◆ **Data excerpts**
★ ★ ★ ★
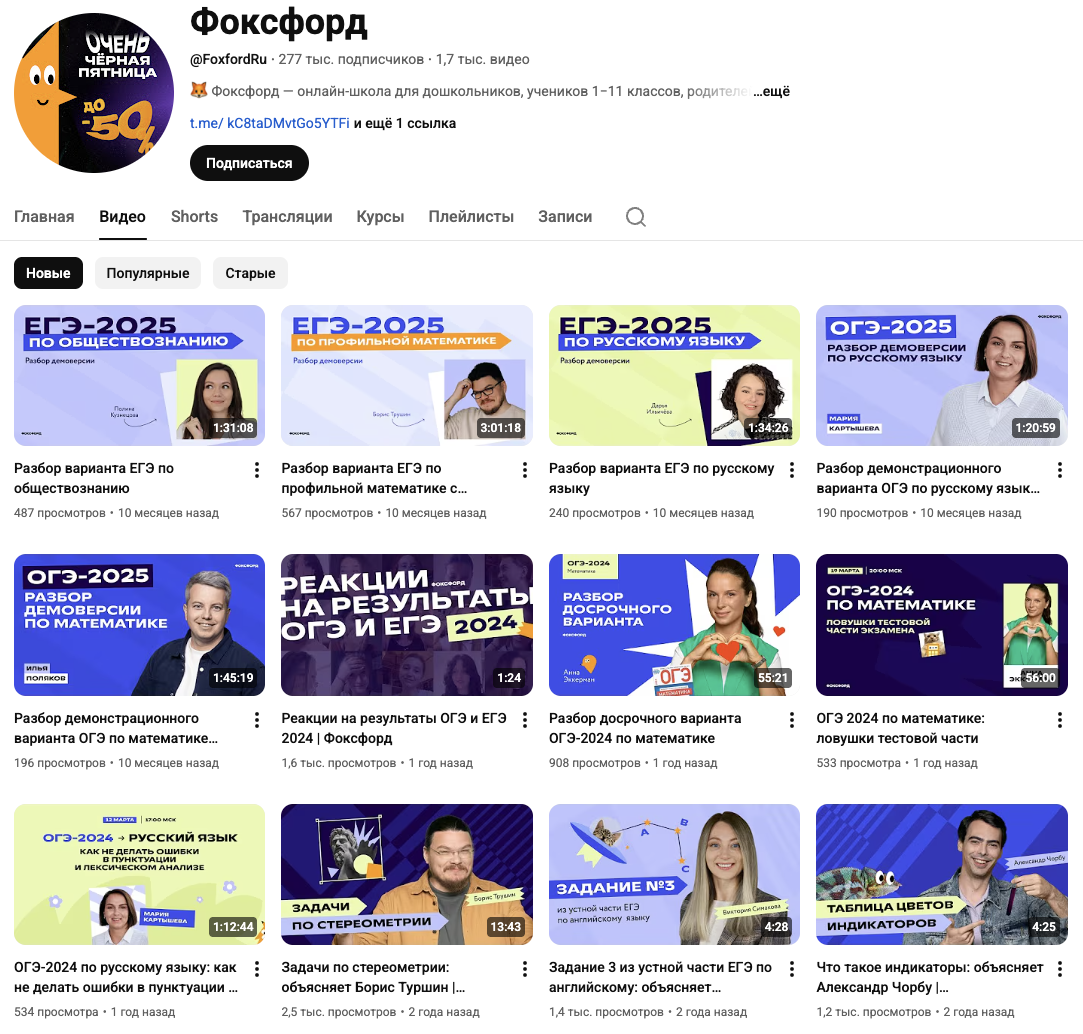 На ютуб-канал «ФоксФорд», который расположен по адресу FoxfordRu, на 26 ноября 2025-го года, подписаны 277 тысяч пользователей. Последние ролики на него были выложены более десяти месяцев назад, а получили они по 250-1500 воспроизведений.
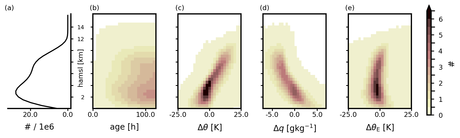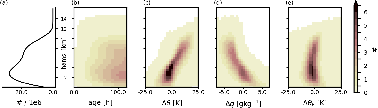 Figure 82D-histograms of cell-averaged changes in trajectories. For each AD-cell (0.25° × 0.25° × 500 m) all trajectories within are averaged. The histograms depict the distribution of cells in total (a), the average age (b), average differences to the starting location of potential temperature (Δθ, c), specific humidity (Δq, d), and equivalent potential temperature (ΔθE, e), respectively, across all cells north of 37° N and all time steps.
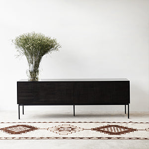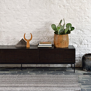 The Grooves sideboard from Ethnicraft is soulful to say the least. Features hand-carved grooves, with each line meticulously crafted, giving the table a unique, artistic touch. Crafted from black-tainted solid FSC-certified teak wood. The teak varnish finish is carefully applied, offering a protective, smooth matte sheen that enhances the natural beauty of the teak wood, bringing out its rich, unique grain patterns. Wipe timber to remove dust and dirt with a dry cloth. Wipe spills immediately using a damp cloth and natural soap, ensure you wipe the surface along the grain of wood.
★ ★ ★ ★
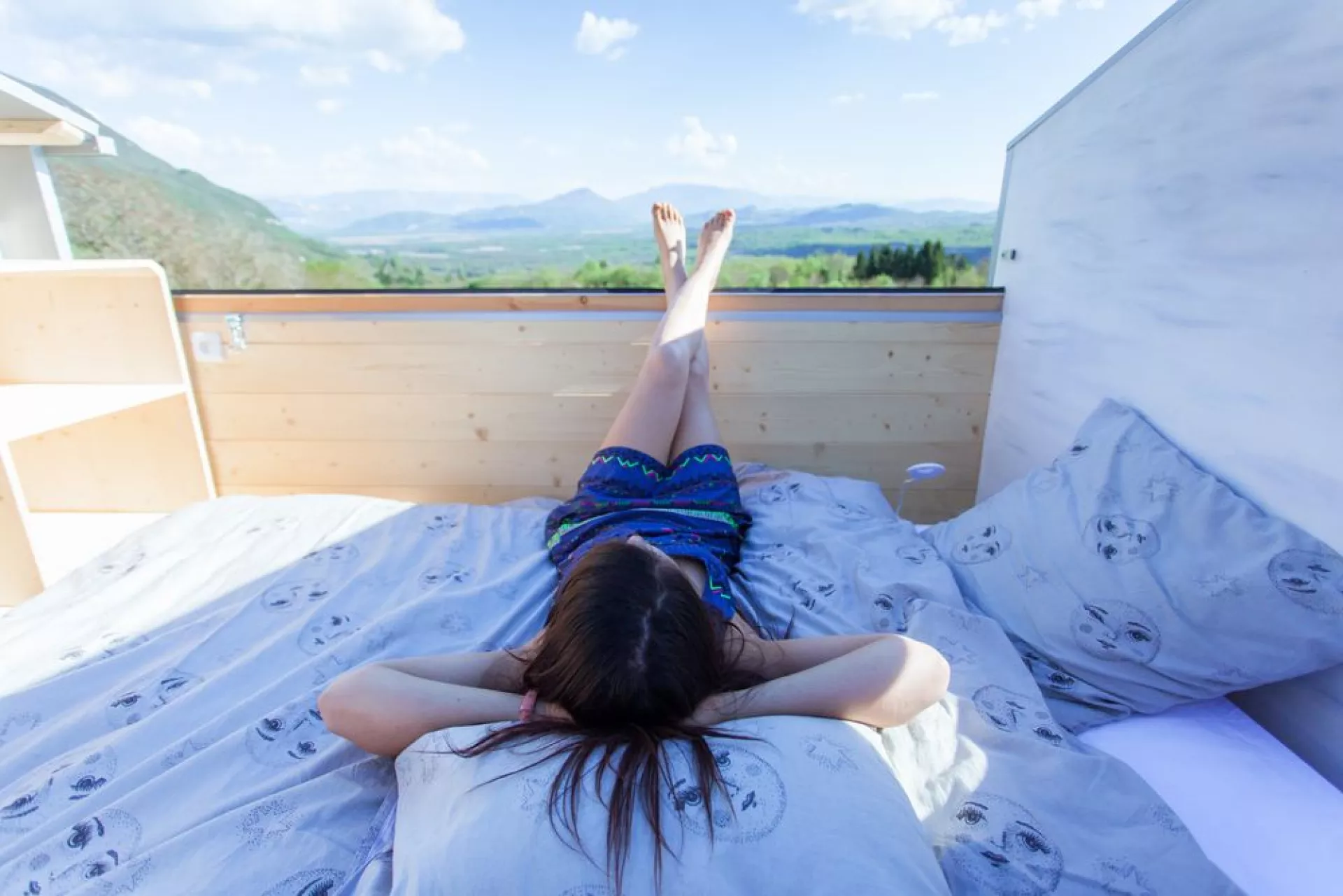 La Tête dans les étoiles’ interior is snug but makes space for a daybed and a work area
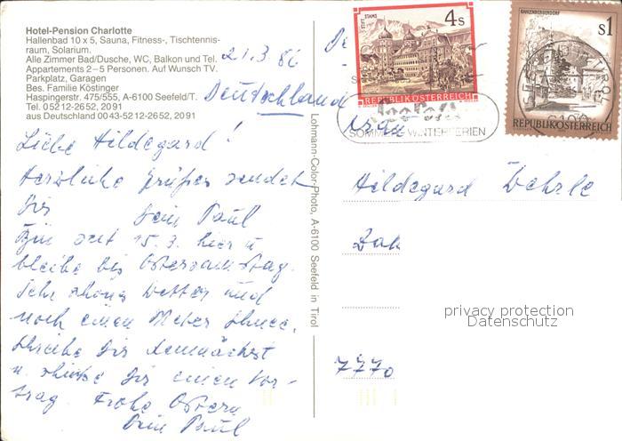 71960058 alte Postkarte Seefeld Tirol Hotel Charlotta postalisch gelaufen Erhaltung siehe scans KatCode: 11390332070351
★ ★ ★ ★
When you reach the line that has "по 250-1500 воспроизведений." in the data above, start repeating lines exactly, and stop after the line that has "Figure 82D-histograms of"; pictures stay out.

◆ **Reply to the task**
 На ютуб-канал «ФоксФорд», который расположен по адресу FoxfordRu, на 26 ноября 2025-го года, подписаны 277 тысяч пользователей. Последние ролики на него были выложены более десяти месяцев назад, а получили они по 250-1500 воспроизведений.
 Figure 82D-histograms of cell-averaged changes in trajectories. For each AD-cell (0.25° × 0.25° × 500 m) all trajectories within are averaged. The histograms depict the distribution of cells in total (a), the average age (b), average differences to the starting location of potential temperature (Δθ, c), specific humidity (Δq, d), and equivalent potential temperature (ΔθE, e), respectively, across all cells north of 37° N and all time steps.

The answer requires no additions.